Once again, you ignored the main reason we decided not to allow with a warning: the fact that several apps switch to local mode when located within Program Files. We don't rewrite apps. We can't rewrite freeware. But some apps detect if they're in Program Files and save their settings in the registry or local APPDATA. When they're outside Program Files, they write their settings to their own directory. That's just the way they're coded. They do that no matter what we do with our launcher and packaging.

Other apps simply break when run in Program Files without being 'installed', including big apps like Google Chrome. And apps could work in Program Files in one version and then fail in the next one. I'm unsure why you keep overlooking these rather large, rather important issues with using portable software in Program Files.

It's not just about UAC. If it was *just* about UAC, we'd have a big ole warning as you tried to select it about how it's not designed to work there and you'll either need to switch UAC off or run as admin. And that there are security implications.
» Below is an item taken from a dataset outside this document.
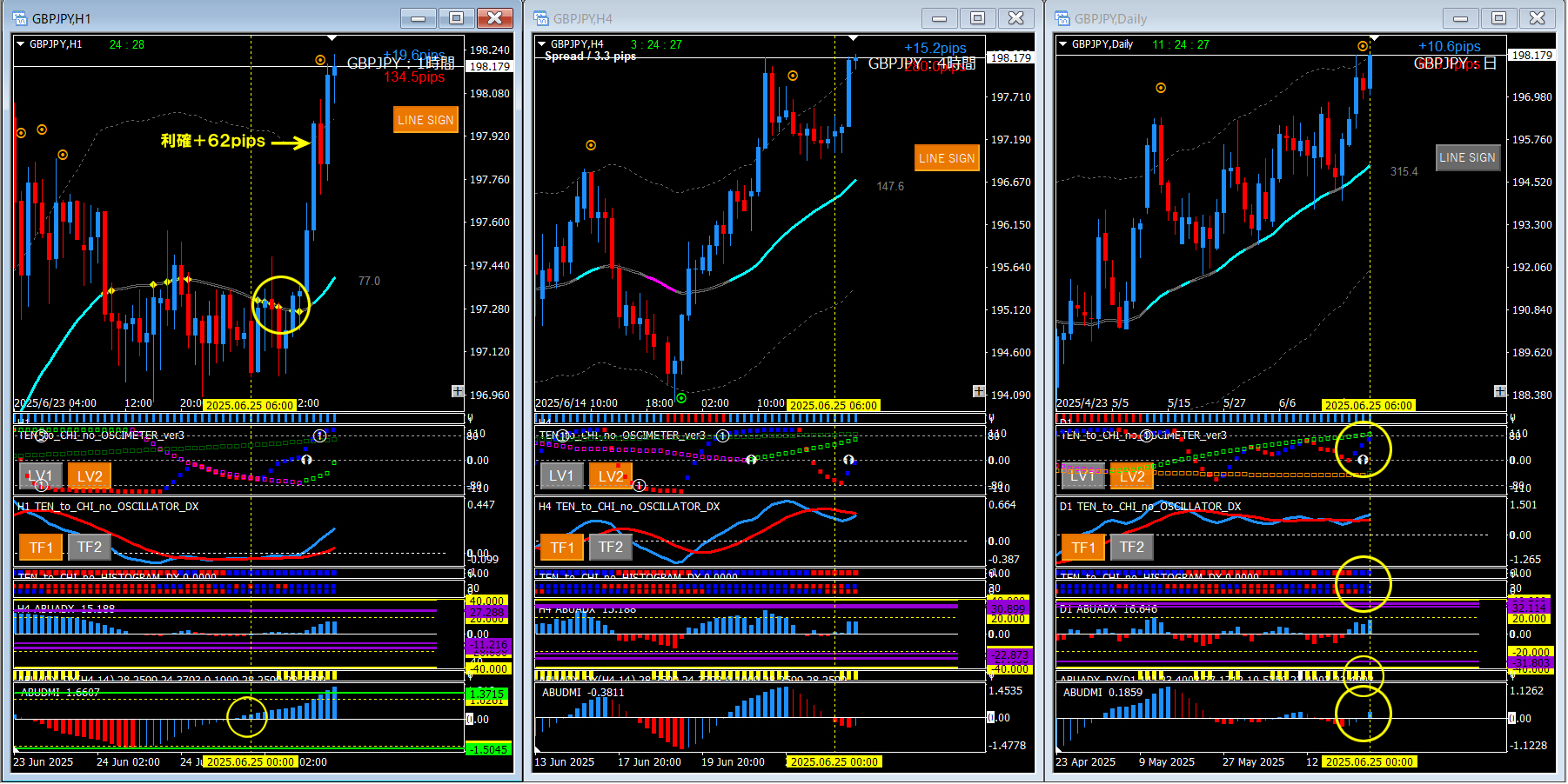 【2025年6月25日】天と地のインジケーターのデイスイング手法検証(ポン円)

Create a PortableApps directory on C and install to there. All your apps will work. The installers will even auto-detect the location so you won't have to browse to it every time. And then you'll be able to take make use of the advantages of portable apps by easily backing up the apps and data to an external drive, making a copy to bring with you when you want, syncing a full working version of your apps and data to a cloud drive, moving all your apps and data to a new drive when you upgrade Windows, etc.

Sometimes, the impossible can become possible, if you're awesome!